Hakkında üç yıl süreyle geçici olarak mesleki faaliyetten alıkoyma cezası uygulanan meslek mensubunun cezasının tatbiki müddetince 3568 sayılı kanunun “mesleğin konusu” başlıklı 2 inci maddesi kapsamında olmamak şartıyla faaliyette bulunması mümkündür.
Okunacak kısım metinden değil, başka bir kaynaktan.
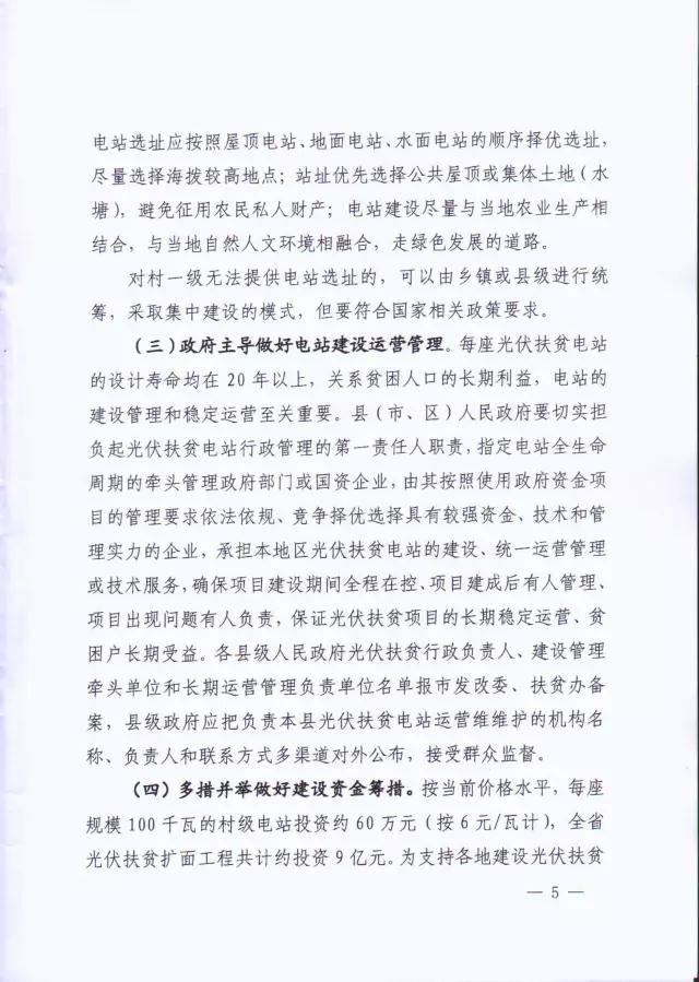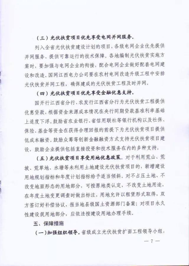 近日,江西省發(fā)改委印發(fā)《關(guān)于實施光伏扶貧擴面工程的指導(dǎo)意見(征求建議稿)》意見的函,對光伏扶貧做出了多項優(yōu)先支持政策:1、光伏扶貧項目優(yōu)先列入全省光伏建設(shè)計劃;2、光伏扶貧項目優(yōu)先享受財政度電補貼政策;3、光伏扶貧項目優(yōu)先享受電網(wǎng)并網(wǎng)服務(wù);4、光伏扶貧項目優(yōu)先享受金融優(yōu)惠支持;5、光伏扶貧項目享受用地優(yōu)

Söz konusu faaliyetler için tesis edilecek mükellefiyet nedeniyle 213 sayılı Kanun 153/A maddesi hükümleri uygulanacaktır.
Öte yandan, KDV, genel uygulama tebliğinde değişiklik yapılmasına dair 52 seri nolu genel tebliği de meslek mensupları ile ilgili yeni bir hüküm eklenmiştir. (1) Buna göre, ilgili tebliğin 2.1 bölümünde, sahte belge düzenlemek amacıyla mükellefiyet tesis ettirenler ile ilgili kısımda şu hüküm eklenmiştir: “213 sayılı Kanunun (153/A) maddesinin birinci fıkrasında sayılan haller dolayısıyla mükellefiyeti terkin edilenlerin bu fiillerine iştirak ettiği vergi inceleme raporuyla tespit edilen 3568 sayılı Kanunun kapsamında faaliyette bulunan meslek mensupları da bu kapsamında değerlendirilir ve bu durum meslek mensubunun bağlı bulunduğu vergi dairesince temsil ettikleri tüm mükelleflere bildirilir.”
Söz konusu hüküm, meslek mensupları açısından son derece önemli olup, bu hükme göre sahte belge düzenlemek amacı ile kurulan şirketlerin veya gerçek kişi mükelleflerin, VUK Md.153/A hükme göre, bu fiillere iştirak eden meslek mensupları da özel esaslara alınarak ayrıca meslek mensubunun bağlı olduğu meslek odası ve vergi dairesine bildirmektedir. Eş zamanlı olarak, yine söz konusu fiillere iştirak ettiği VİR ile saptanan meslek mensuplarının temsil ettikleri bütün mükelleflerine de ( müşterilerine ) tebliğ edilecektir. Bu durum, uygulamada meslek mensupları açısından son derece tehlikeli bir uygulamaya neden olacaktır.
-------------
(1) Söz konusu tebliğ, 31.10.2024 gün ve 32708 sayılı Resmi Gazete ‘de yayımlanarak yürürlüğe girmiştir.